Successful appeals against court confirmations of restructuring plans face high hurdles. In particular, a significant disadvantage as a result of the restructuring plan compared to the next best alternative scenario may by no means be asserted solely with generalising statements. Complainants must sufficiently substantiate and substantiate both the material worse position and the sufficient probability of the feasibility of the next best alternative scenario put forward.

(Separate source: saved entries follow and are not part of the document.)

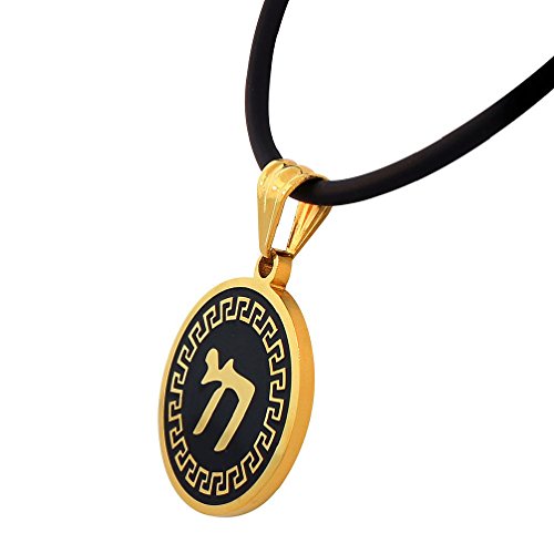 -. Binding : Jewelry -. Brand : Anguss Fashion Jewelry -. Department : girls -. Feature : Length (inches):24 / The stainless steel jewelry is a perfect gift. This necklace is crafted of durable highly polished 100% stainless steel. Give it to the loved one or treat yourself for a trendy style. The necklace features a yellow gold-tone abd black Chai charm. The pendant is accented with the familiar Greek Key pattern. The durable black cord chain measures 24.00in long and features a lobster claw type of clasp that allows to lock the jewelry securely around your neck. -. Label : Anguss -. Manufacturer : Anguss -. Model : 271796226534 -. MPN : 271796226534 -. PartNumber : 271796226534 -. ProductGroup : Jewelry -. ProductTypeName : FASHIONNECKLACEBRACELETANKLET -. Publisher : Anguss -. Studio : Anguss -. Title : Stainless Steel Gold Tone Black Greek Key Jewish Chai Mens Boys Pendant Necklace
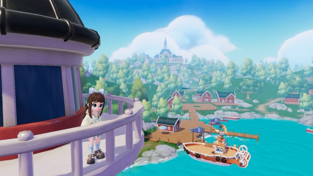 灯台の上はかなり高い位置にあり、そこからは漁村エリア全体を見渡すことができます
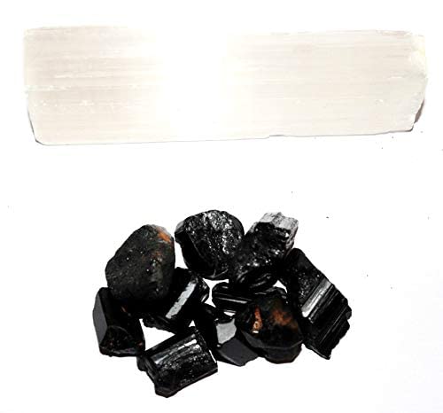 R.R. SHEIKH GEMS Natural Healing Crystal Rough Gemstones Combo: Black Tourmaline and Selenite Stick Stones
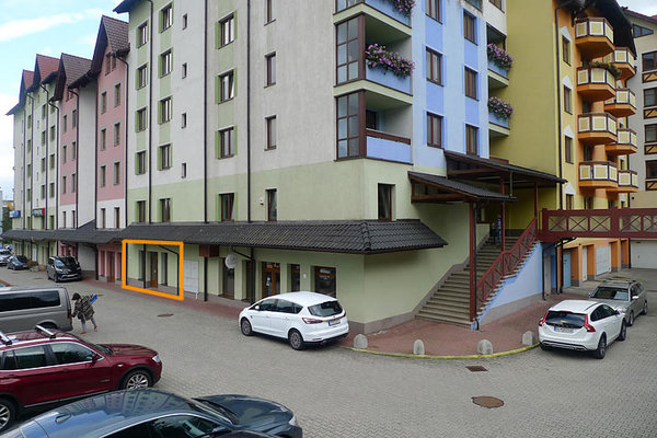 I am not quite sure what it is that I have chosen that you would like me to elaborate on. Here is our room within the building. Because it is built on a slope, this view we call the back of the building where there is one extra storey of commercial premises than you could see at the front. Above us is a row of shops with their front doors on the other side. Behind us is the underground parking area for residents. The road you see is a private car park which needs a remote control to get in, so it is pretty quiet. To our right are the main electric fuseboxes, between us and the shop (that has just closed). On our other side, the pink section, is a shop which in terms of noise spill will be our nearest neighbour, along with the electronics shop above us run by 3 youngish chaps that have music playing all day long - so they probably won't hear us nor would they care too much if they did.
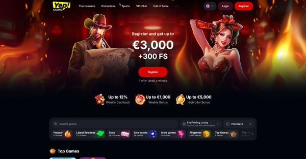 Players can enjoy generous promotions, including a welcome bonus, a VIP program, a wheel of fortune and weekly cashback. Yep Casino supports 10 languages, multiple currencies, and cryptocurrencies, making deposits and gameplay flexible.
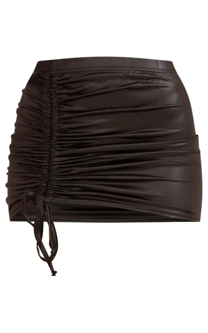 Take on your weekend the right way with this statement black coated wet look ruched micro mini skirt. Made from a black coated wet look material with ruched detailing and a micro mini length, this is everything we’re loving and more. With It’s figure-hugging fit this mini skirt is sure to hug you in all the right places. To complete the look style this seamlessly with the matching stop, knee-high boots and gold accessories for a look that will secure you all the likes.
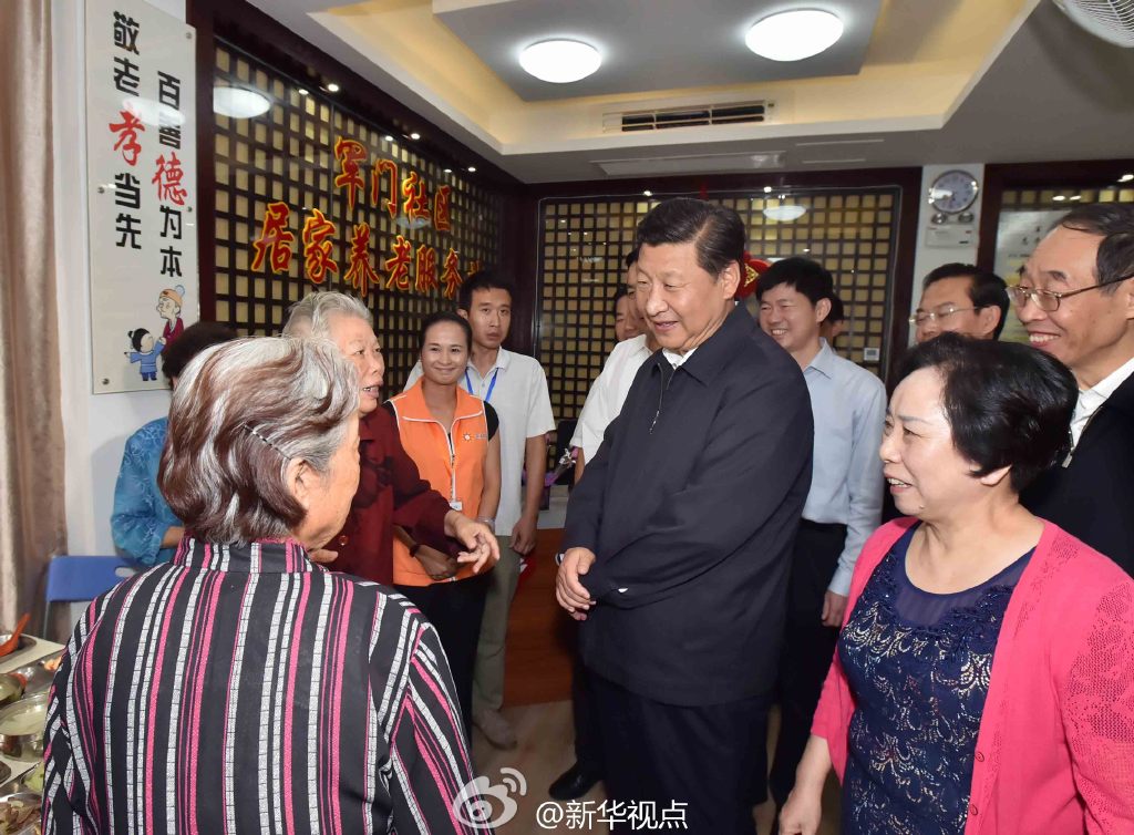Chinese President Xi Jinping talks with the elderly at a service station for the aged in the Junmen Community in Fuzhou, Fujian province, Nov. 1, 2014. (Photo source: Weibo account of Xinhua Shi Dian)
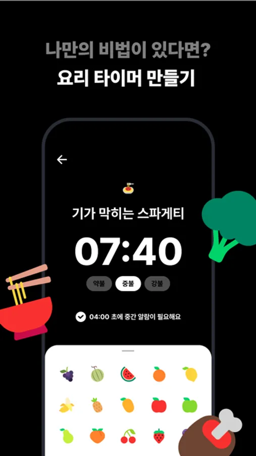 - 139개의 음식 아이콘으로 나만의 타이머를 꾸며보세요.

F. Demands for amendments to the StaRUG meet concerns under European law and constitutional law
Demands for amendments to the StaRUG by the legislature are met withconcerns under European law and constitutional law. The EU Directive on which the StaRUG is based provides a fast and effective procedure for avoiding insolvency that must not be exposed to the possibility of blocking by shareholders. In addition, the constitutional protection of property under Article 14 of the Basic Law is not unlimited. The property is subject to a social bond. Encroachments on shareholder rights by restructuring plans that avoid insolvency can therefore be justified and necessary against the background of the rights of other affected parties in the event of proximity to insolvency and economic devaluation of the share ownership. This applies if the restructuring plan does not worsen the situation for shareholders compared to the next best alternative scenario, but improves it for other stakeholders such as creditors, suppliers, customers and employees. It should be noted that the next best alternative scenario is usually insolvency proceedings. In this policy, shareholders as equity investors also usually come away empty-handed due to the subordination of their legal positions to creditors.

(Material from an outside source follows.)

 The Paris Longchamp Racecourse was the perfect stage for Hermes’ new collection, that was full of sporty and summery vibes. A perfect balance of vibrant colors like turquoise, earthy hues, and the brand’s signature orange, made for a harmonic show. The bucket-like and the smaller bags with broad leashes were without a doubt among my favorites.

Therefore, significant changes to the StaRUG, which is very successful from the point of view of restructuring practice, have not been initiated by the legislator and, in our opinion, are not to be expected.

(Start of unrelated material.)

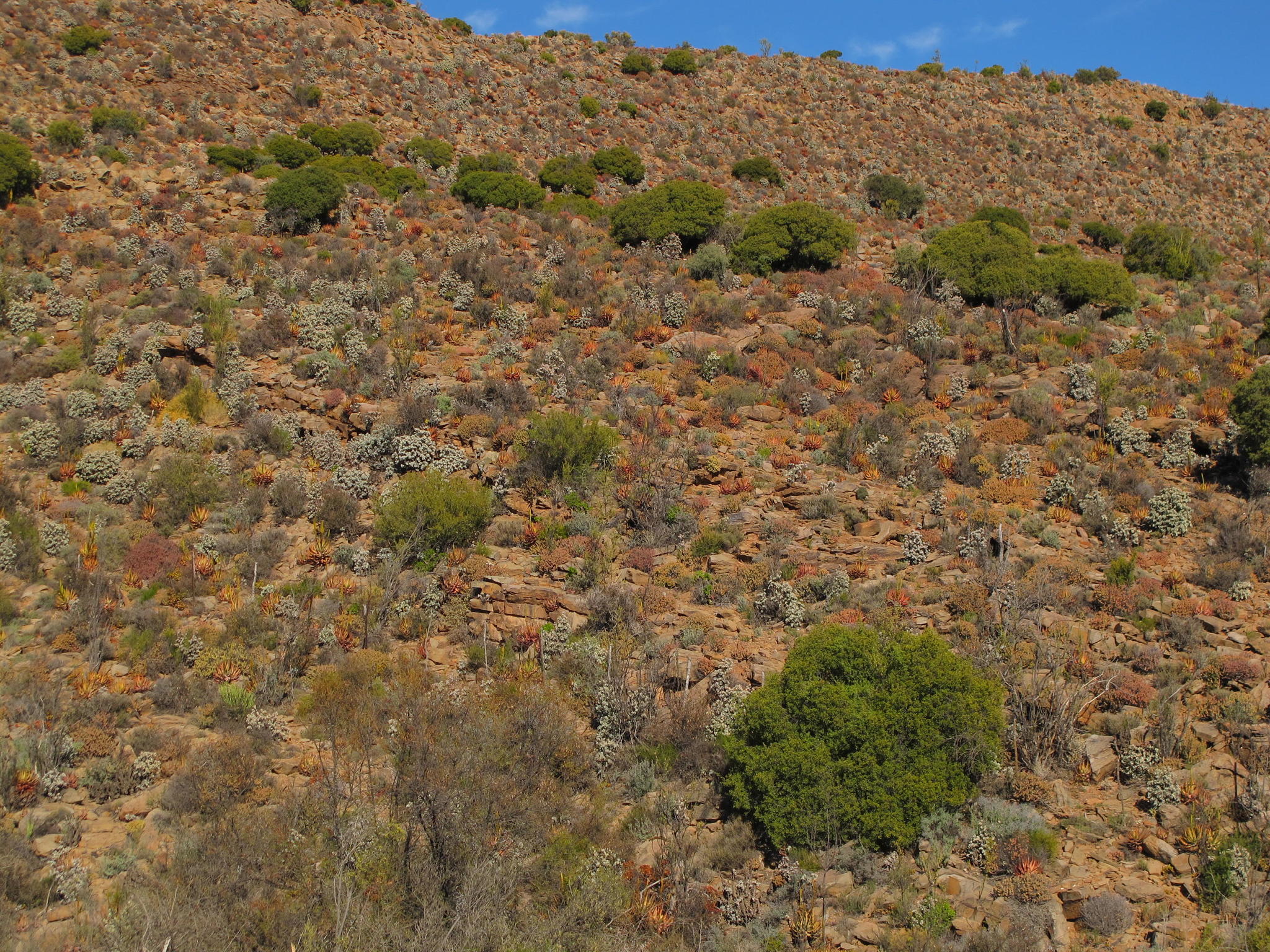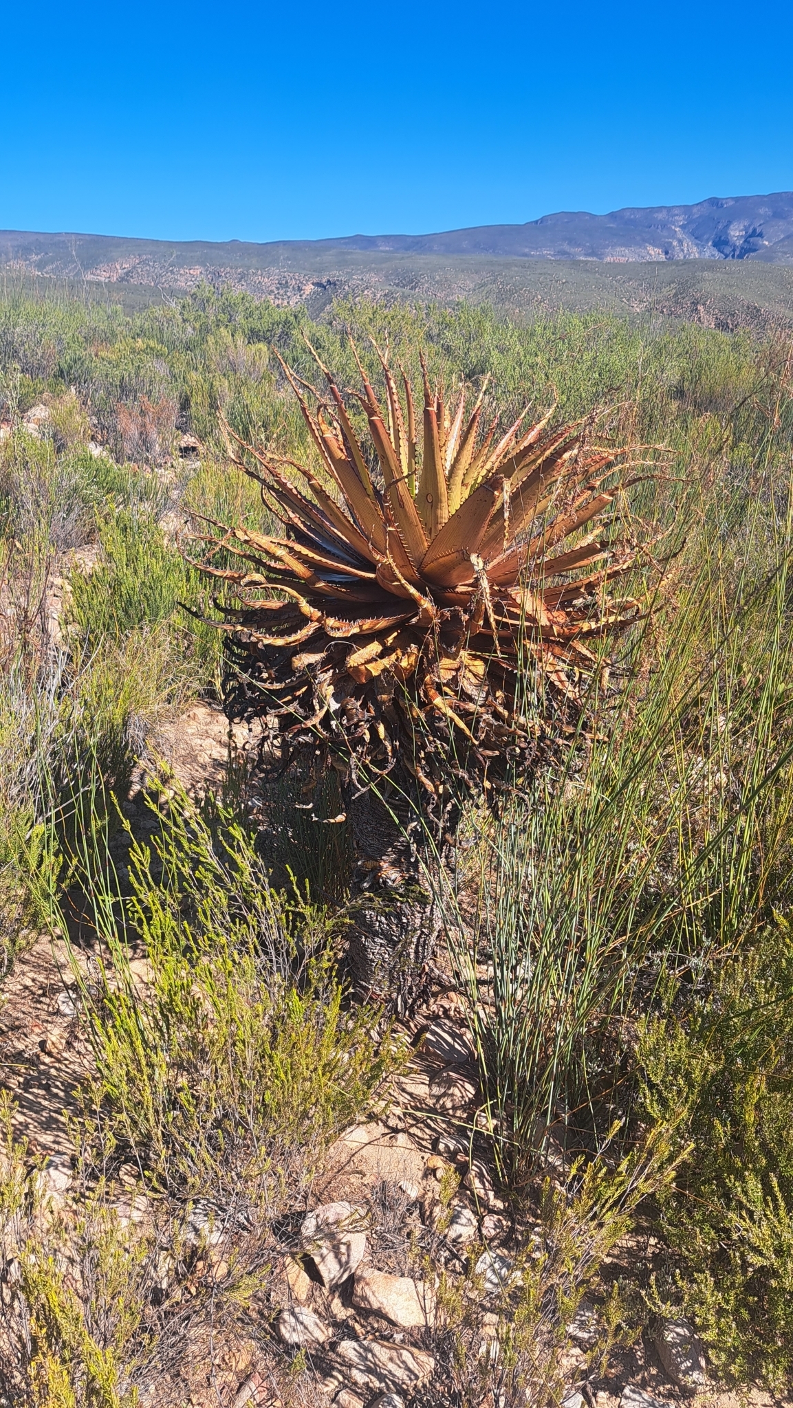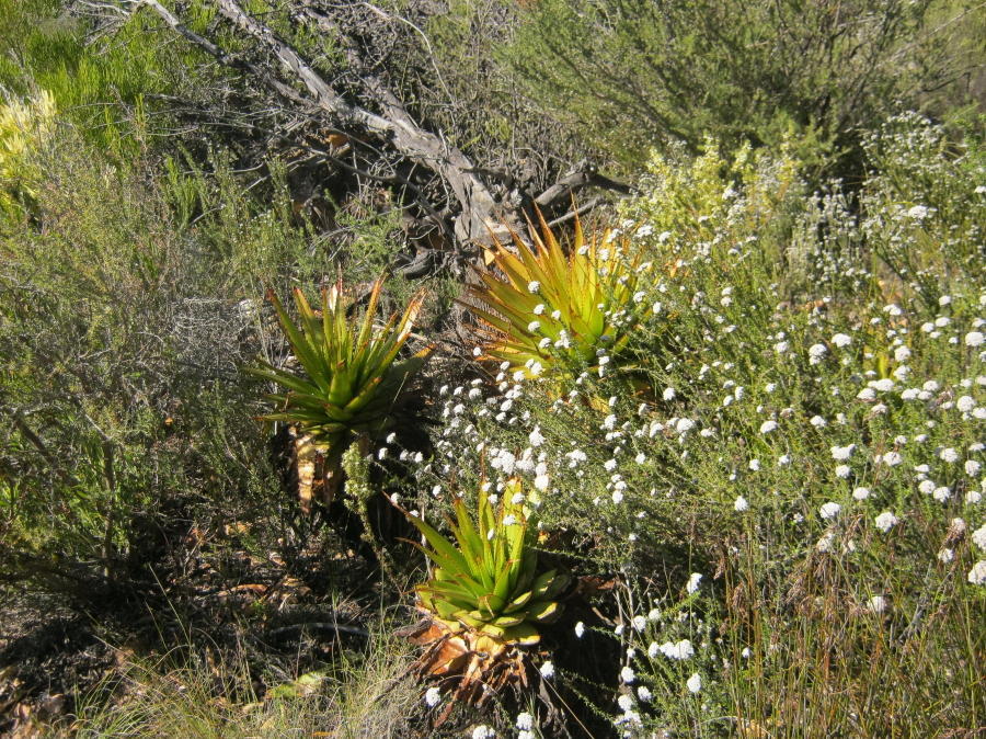 Aloe lineata var. muirii主要分布在南非西开普省的冬季雨区和小卡鲁,从Riversdale到Outeniqua山脉一带,海拔约200-800米。该种生长在岩石山坡、石质土壤或碎石区,阳光充足、排水良好,年降雨量约200-500毫米,主要集中在冬季,夏季干旱高温。植株常出现在开阔岩石露头或浅洼地,与其他卡鲁多肉植物共生,形成局部生态系统。分布范围较广,但局部碎片化。

Practical tip from an investor's point of view: Vigilance and rapid reaction to StaRUG proceedings are advisable
From the point of view of shareholders, special vigilance in monitoring the market and reviewing investment decisions are therefore advisable at the first signs of a crisis in the respective issuer. Insofar as shareholders are affected by StaRUG proceedings, they should carefully examine the imminent insolvency of the issuer as a prerequisite for the restructuring notification and the alternative scenario together with the comparative calculation.
Conclusion
The StaRUG is an effective restructuring instrument that avoids insolvencies and, when viewed as a whole, has positive effects from the stakeholders' point of view. The law is neutral in its legal form and is not aimed at stock corporations. It is not directed against shareholders, but allows for necessary interventions in the rights of shareholders and thus also of shareholders that are economically devalued due to imminent insolvency. These interventions are usually justified. In the event of a withdrawal of (still) valuable legal positions, severance payments may have to be paid. European law requirements stand in the way of the abolition of the StaRUG and changes in the law, which would open up blocking possibilities for shareholders. Shareholders are advised to keep a close eye on market developments and to question investment decisions immediately if there are signs of crisis on the part of the respective issuer.